If she had any dreams, she didn’t remember them. According to Garland, she didn’t do anything more exciting than switch positions once or twice. And Holly didn’t show.
But Charlie did wake up knowing what Holly had meant.
CHAPTER TWENTY-NINE
By early afternoon of the next day, Charlie was back in her own house in Big Stone Gap. Situated a little way down the mountain from the prison on the top of the ridge, Big Stone Gap was a coal mining town of about five thousand residents that had been devastated by a rash of recent layoffs from the coal company that, along with the prison, was the area’s primary employer. Despite the hard times, Big Stone Gap was as friendly as the prison was forbidding, and she loved it. Her house, which she rented from her next-door neighbors, was a classic two-story white clapboard farmhouse with an old-fashioned front porch and lots of gingerbread trim. It sat on a quiet street near the edge of town, with the wooded mountainside sloping up behind it and an acre backyard complete with a sunflower patch that was a constant draw for the aforesaid neighbor’s chickens. Not that Charlie minded, really. She had spent many an early morning before heading in to work sipping coffee at her kitchen table at the back of the house and watching through the window as the birds scratched around in her flowers for seeds and bugs. Watching them was both calming and amusing.
“Tell me this hasn’t been a total waste of time.” Kaminsky gave Charlie a disgusted look as Charlie sorted through the items she
had laid out on the kitchen table one more time. At Kaminsky’s suggestion—Charlie was so focused on the need to find whatever it was that Holly had been referring to that she wouldn’t have thought of it—Charlie was wearing rubber gloves, so as not to taint the items just in case one of them should prove to be important. Dressed in her usual black pants and sleeveless blouse—today’s was a soft mint green—Charlie was at least comfortable. While Kaminsky in her power suit—today’s was black—and sky-high heels looked hot, cross, and way too sophisticated for the country-style kitchen. On Tony’s directive, Kaminsky had accompanied her on the short flight back to Big Stone Gap to recover whatever item significant to the investigation might be found in “the bag.” Feeling her time could be better spent in other ways, Kaminsky wasn’t too happy about it.
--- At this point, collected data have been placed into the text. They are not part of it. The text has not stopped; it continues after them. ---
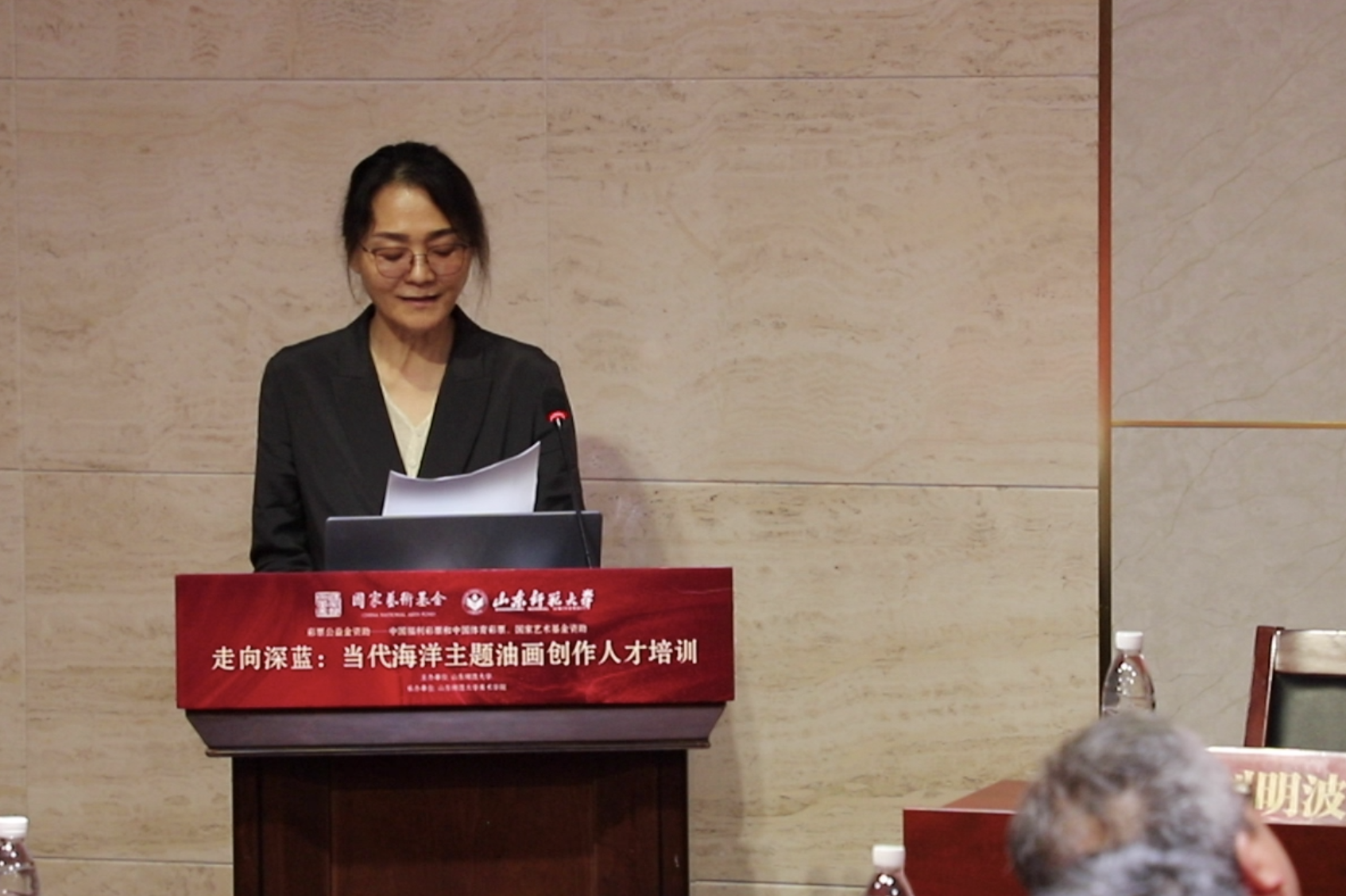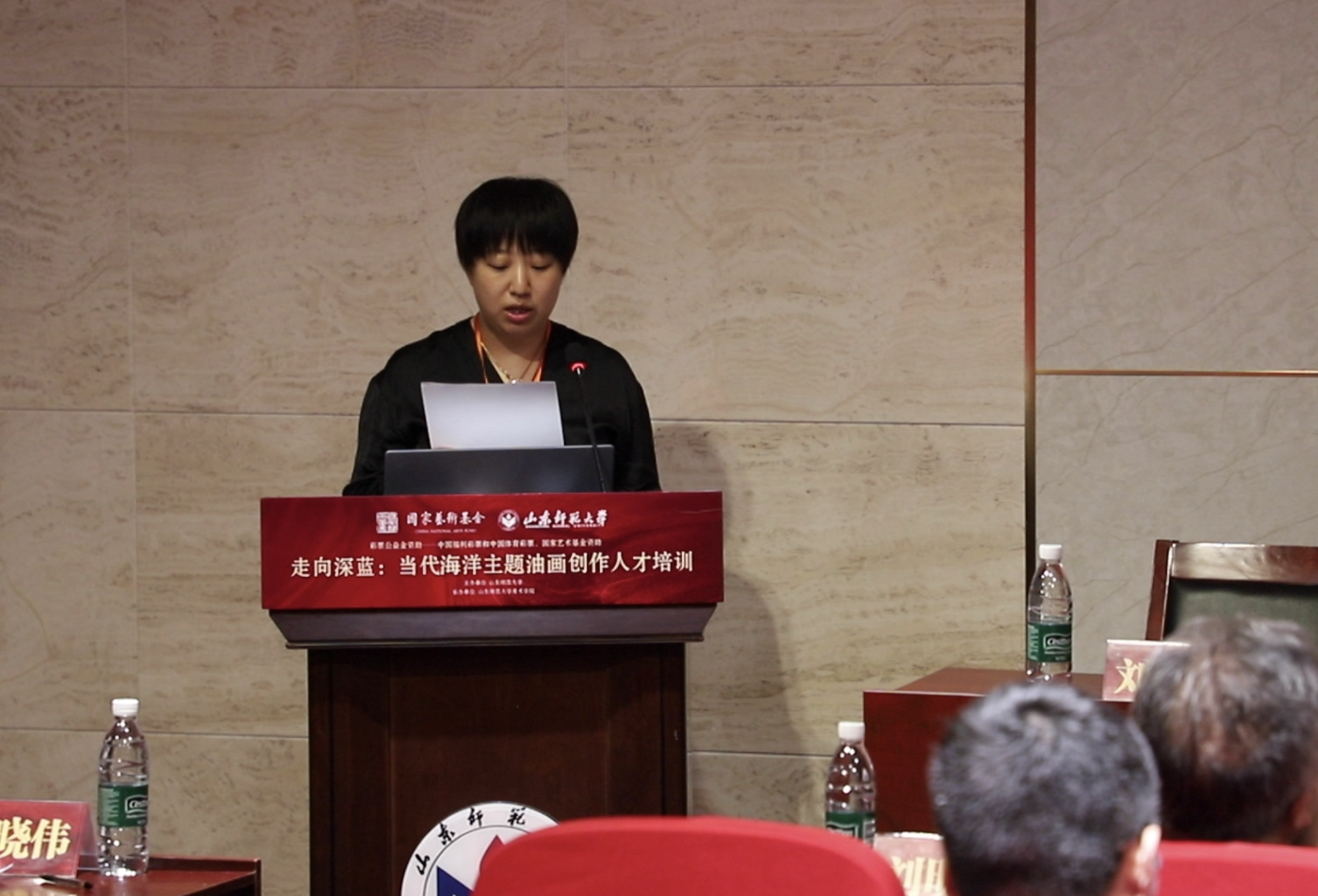 项目负责人、山东师范大学美术学院教授徐晓伟介绍了项目基本情况,中央美术学院教师曲文倩代表学员发言。
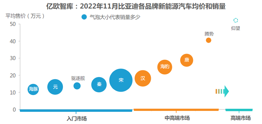 比亚迪在中端市场做得风生水起的同时,也逐渐把目标转向高端市场。唐、汉和海豹是品牌升级的信号,腾势汽车是比亚迪向高端豪车转化的过渡品牌。今年1月,比亚迪发布的仰望品牌宣布正式进军百万级高端市场。
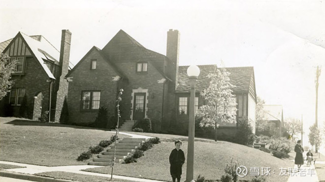 下面这张是,童年时代的巴菲特,站在奥马哈自己家门口。

“No more so than following any other lead,” Charlie replied, frowning as she touched each item in turn. She had been sure that “the bag” Holly had been referring to could only have been the sealed plastic bag full of Charlie’s belongings that had been returned to her by the hospital, where she had stayed after Holly’s murder. But in going through it, Charlie was coming up empty-handed. A brown fluffy teddy bear the hospital had given her; a manila envelope stuffed with get-well cards, all of which she had looked over and none of which seemed to contain a clue; a never-opened dental care kit containing a new toothbrush and travel-sized toothpaste wrapped in plastic; a tube of chapstick; a bottle of pale pink nail polish; a hairbrush; and a scrunchie offered not the slightest insight into the murders, as far as she could tell. Some of her clothes were there, too. Just looking at the yellow T-shirt and the jeans and sandals, the pretty flowered bra and pink bikini panties, made her skin crawl.